━━━━━ INFORMATION SHOWN

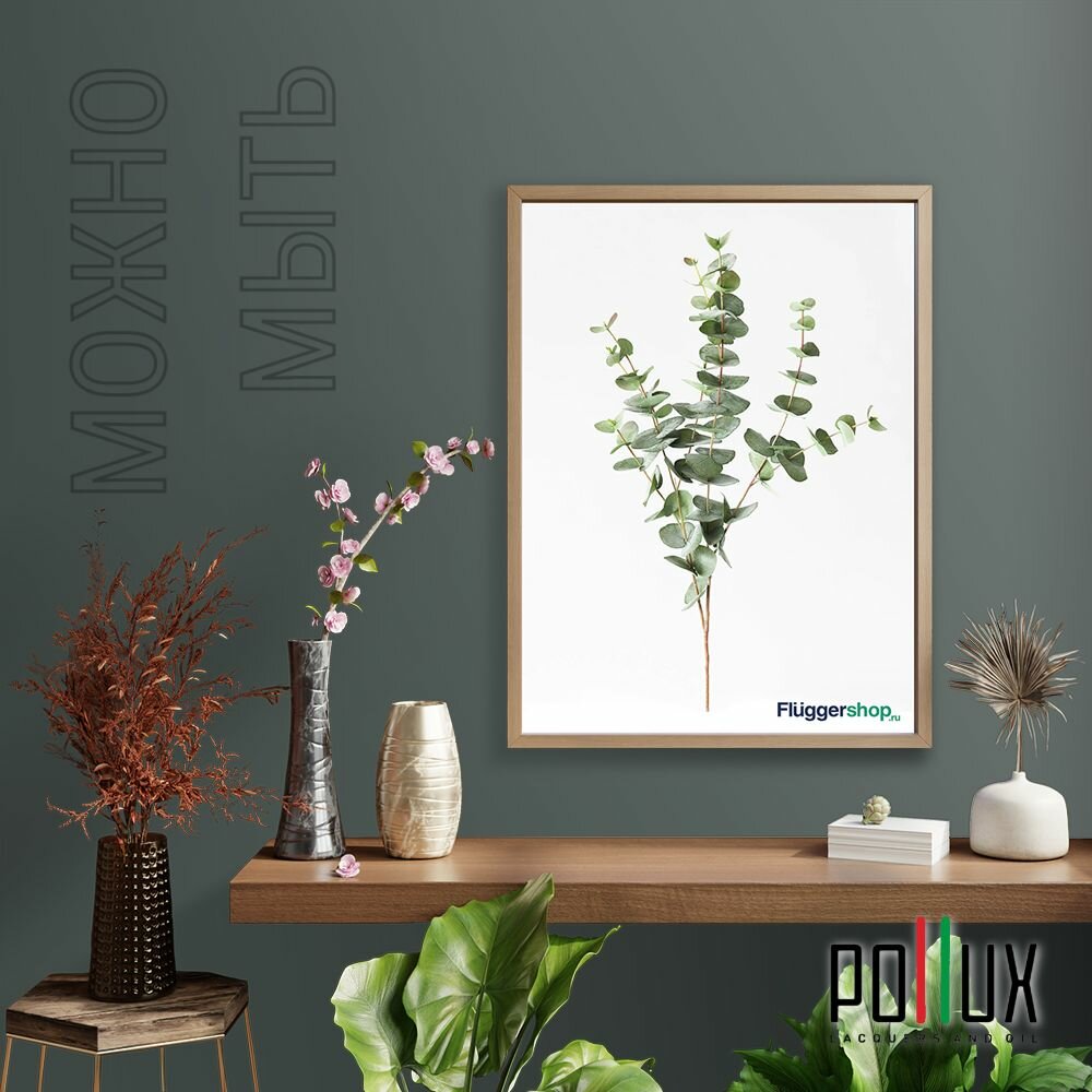 Краска моющаяся интерьерная для стен и потолков, Pollux INTERIOR без запаха, быстросохнущая, акриловая, матовое покрытие, цвет NCS S 6005-B80G, 1л.
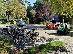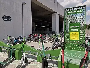 Mobility hubs are areas of public space where people can transition between public transport, bike sharing, car sharing, e-scooter rental, private bike parking and other climate-friendly modes of transport. Sometimes, there are also bicycle repair equipment, park & ride spaces or charging stations for electric cars present at these locations. In Germany, they are called Mobilitätsstation, Mobilstation or MOBIpunkt. This proposal wants to tag these as amenity=mobility_hub. In Belgium (Flanders), they are called Hoppinpunt or mobipunt. In the Netherlands, they are called Mobiliteitshub.
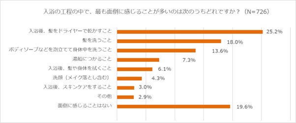 尚、面倒に感じる項目としては、髪を洗ったり、乾かしたりする工程が上位だったほか、「ボディソープなどを泡立てて身体中を洗うこと」が3位(13.6%)となりました。
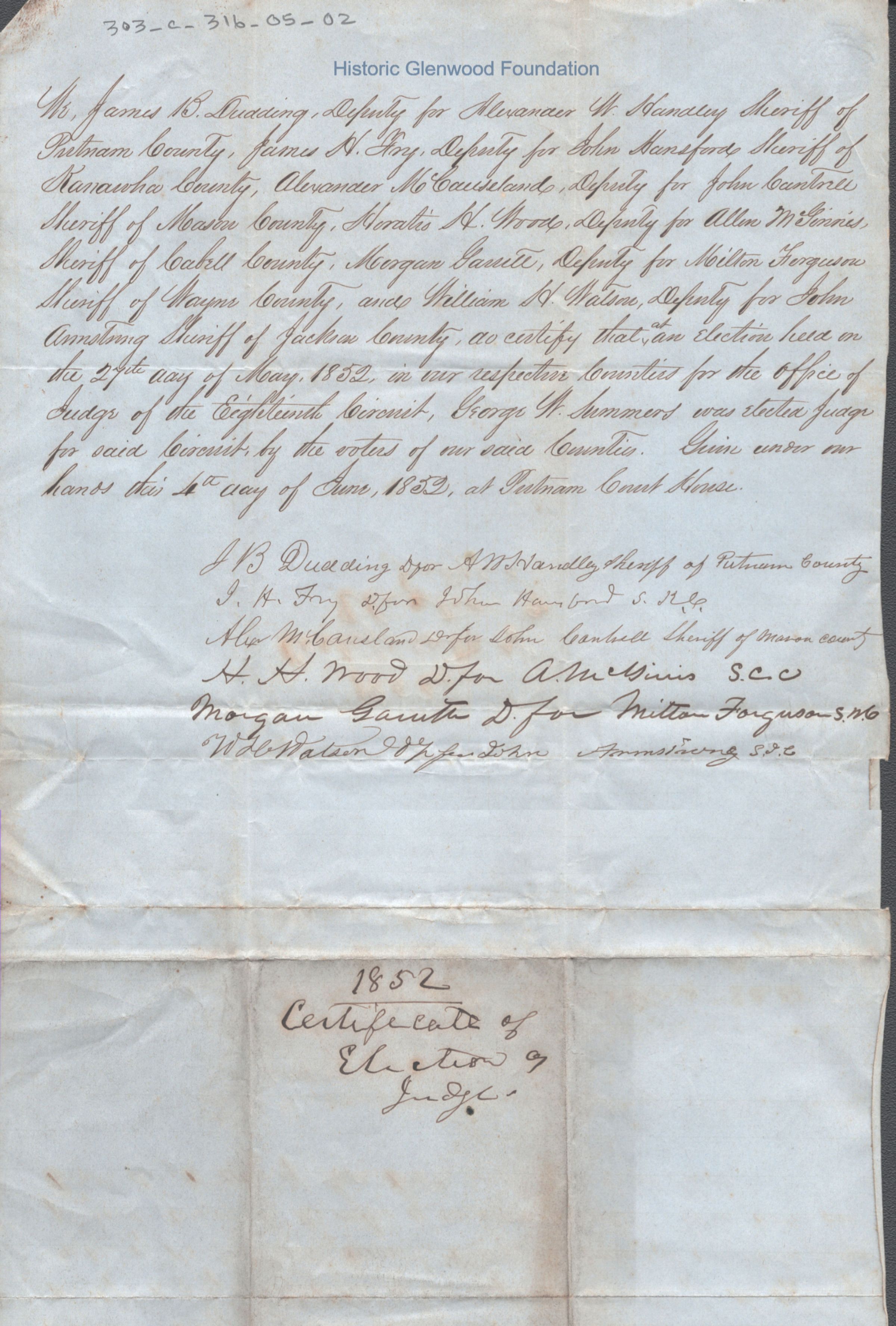Handwritten certification signed by the deputy sheriffs of Putnam, Kanawha, Mason, Cabell, Wayne, and Jackson Counties. The document certifies that in the election held on May 27, 1852, George W. Summers was elected Judge for the Eighteenth Circuit. This certificate was finalized at the Putnam Court House on June 4, 1852.Date(s) of Creation

━━━━━━━━━━

__ASSIGNMENT__. Pictures are to be left out, and each line from the one that contains "尚、面倒に感じる項目としては" through the end of the listing is to be copied exactly.

__RESPONSE AREA__.
 尚、面倒に感じる項目としては、髪を洗ったり、乾かしたりする工程が上位だったほか、「ボディソープなどを泡立てて身体中を洗うこと」が3位(13.6%)となりました。
Handwritten certification signed by the deputy sheriffs of Putnam, Kanawha, Mason, Cabell, Wayne, and Jackson Counties. The document certifies that in the election held on May 27, 1852, George W. Summers was elected Judge for the Eighteenth Circuit. This certificate was finalized at the Putnam Court House on June 4, 1852.Date(s) of Creation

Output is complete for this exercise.